Getting beyond the hype and anti-hype over Google Wave, I’ve been exploring and experimenting with the collaboration platform since my invitation. While learning the new features and interacting with others on the service, I’m gaining some appreciation for the underlying technology Google claims will revolutionize how we communicate and collaborate.
I plan on a few more detailed posts and screencasts demonstrating Wave’s features, but here are some general ideas (at this point I’m running on science fiction) about how Wave (or its future analogues) could be used in a clinical setting. For a general overview, Mashable offers a comprehensive guide. I’ll offer a simple overview, but the main point of this post is to help answer the question: Does the underlying technology of Wave offer us any glimpse into improving clinical collaboration? It’s something ER physician Tim Sturgill asked recently (see his Person, Story, Data mock-up).
First the basics:
- A Wave is the main component of the service – think of it is the main whiteboard containing all of the content and media to be generated, edited, communicated and collaborated around.
- A Blip is the most basic unit of a Wave – similar to an IM message or a tweet.
- A Wavelet is a thread of blips within a wave. You can have multiple wavelets within a wave.
- Extensions: these invoke and provide additional functionalities beyond the basic communication basics of the service. There are two types: Robots and Gadgets.
Advanced Features: Robots & Gadgets:
It’s hard to visualize what a Wave Robot does, but in essence it “infuses” a wave with one or more functions. (I’m leaving out discussion of Gadgets in this post.) This is where Wave can get confusing but it’s also where Wave’s powers potentially shine. Here’s a list of Google Wave Extensions and Google’s samples gallery.
For example, there’s a robot called Cartoony which converts blips into cartoon bubbles. Surely this is frivolous, but when you see it in action, you realize what I mean by robots “infusing a wave with functionality”.
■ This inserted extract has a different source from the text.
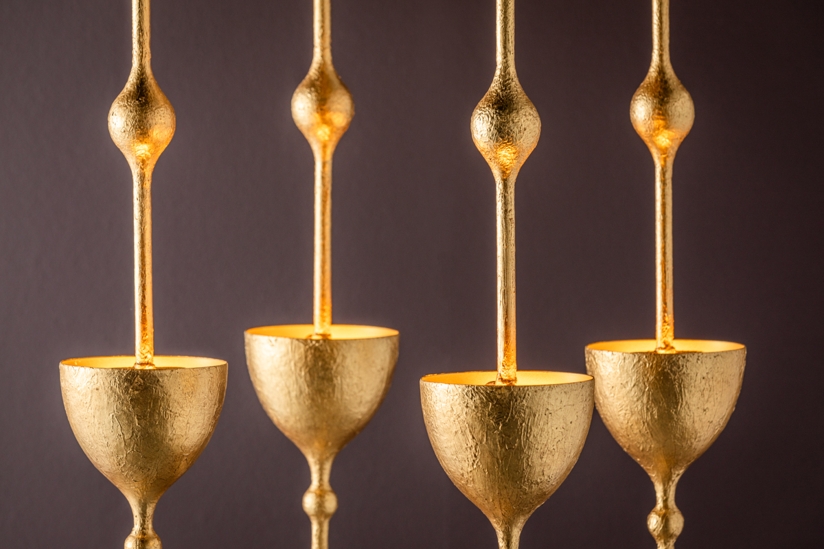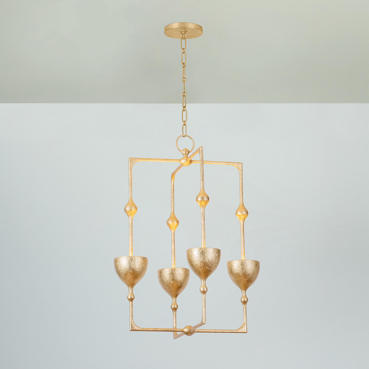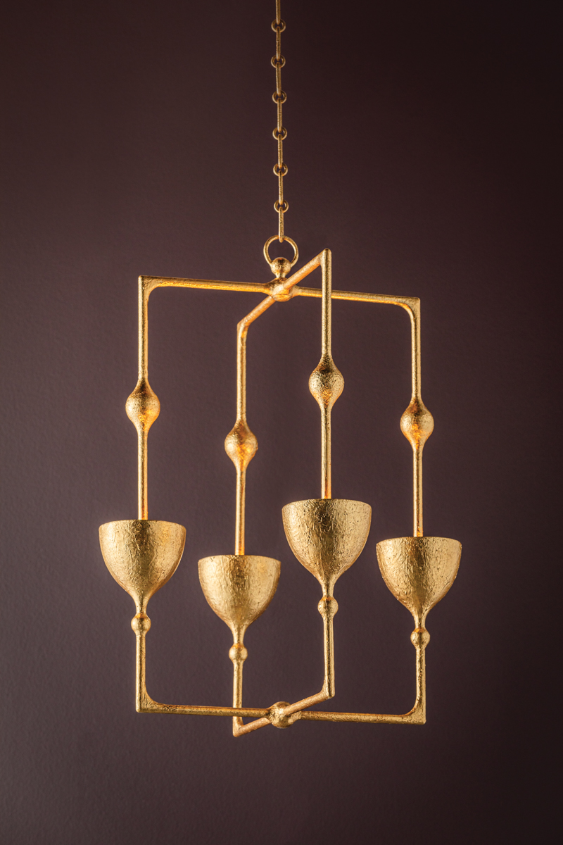 Drawing inspiration from the geometric patterns of Turkish tiles, this LED fixture merges high-concept design with otherworldly beauty. Long biomorphic stems support inverted bowl shades that direct light upwards. Available as a sconce or lantern in two sizes with the choice of a fresh Gesso White or luxurious Vintage Gold Leaf finish.

Another, more utilitarian bot is BingyBot, which answers participants questions. If you type a query, BingyBot acts like a regular participant offering you answers. Here’s short video of it in action:
It’s these abilities of robots to infuse a wave with rich features which could prove useful in a clinical setting. Let me explain with a sci-fi hypothetical.
For purposes of this example we will set aside HIPAA & other privacy matters. Tall order, I understand – but I want us to envision what’s possible. Imagine a wave created by a physician in which she assembles key data about a patient’s admission, including media such as videos or images of diagnostic or surgical procedures.
Around those data elements, our physician could invite colleagues into the wave for clinical collaboration, opinion, etc. Similar processes are already being used in some facilities, but the next part is where Wave’s protocol gets interesting.
Remember the BingyBot? Now imagine introducing a clinical bot which is powerful enough to provide pertinent information to enhance the entire collaborative effort. Let’s call it ClinyBot. Say the bot can access research data or even link to relevant clinical trials for which the patient/case relates.
In essence, the bot would act as another participant to say something like Given the set of data I’m seeing, you may find this article on an experimental anti-neoplastic agent of interest. Or It seems like this patient may be a possible candidate for this clinical trial. Or Dr. Smith had these thoughts about this patient’s condition last week. You get the idea.
ClinyBot would “infuse” the clinical collaboration wave without being intrusive. And the bot could even be modified by the clinical collaborators during the wave according to their needs. Rather than clinicians pulling away from their patient data screen to perform research via another interface, the research can be done within the wave in real-time: either by manually invoking a particular function or letting robots do some of the work.
This is a new kind of collaboration because not only are human beings collaborating real-time around the same problem, a sophisticated piece of technology becomes a collaborator as well. We already have a robotic collaborator we use everyday: Google Search.
Yes, It’s Sci-Fi-y But So Was The Web
Does Google Wave represent a significant step forward in collaboration? I’m reserving judgment until I see development of its API – the current interface does not support proper filtering, notifying or other ways to curate and manage the copious flow of information.
Nevertheless, Wave tests users’ willingness to adapt communication skills to new media. It would be nice to see at least a mock case illustration of clinicians playing in a sandbox.
Of course ClinyBot itself is a figment of sci-fi imagination currently, but the thought-experiment demonstrates why clinicians may want to invest a little time understanding what the underlying technology of Google Wave may do for enhancing collaboration – and ultimately improving patient care.
If this is your field then do this: take a snapshot of where we are today in clinical collaboration and look out through the lens I’m offering; then find some realistic place in between and start building tomorrow today.
PS: This post started out of this wave (which, for now, you only see if you have a Wave account).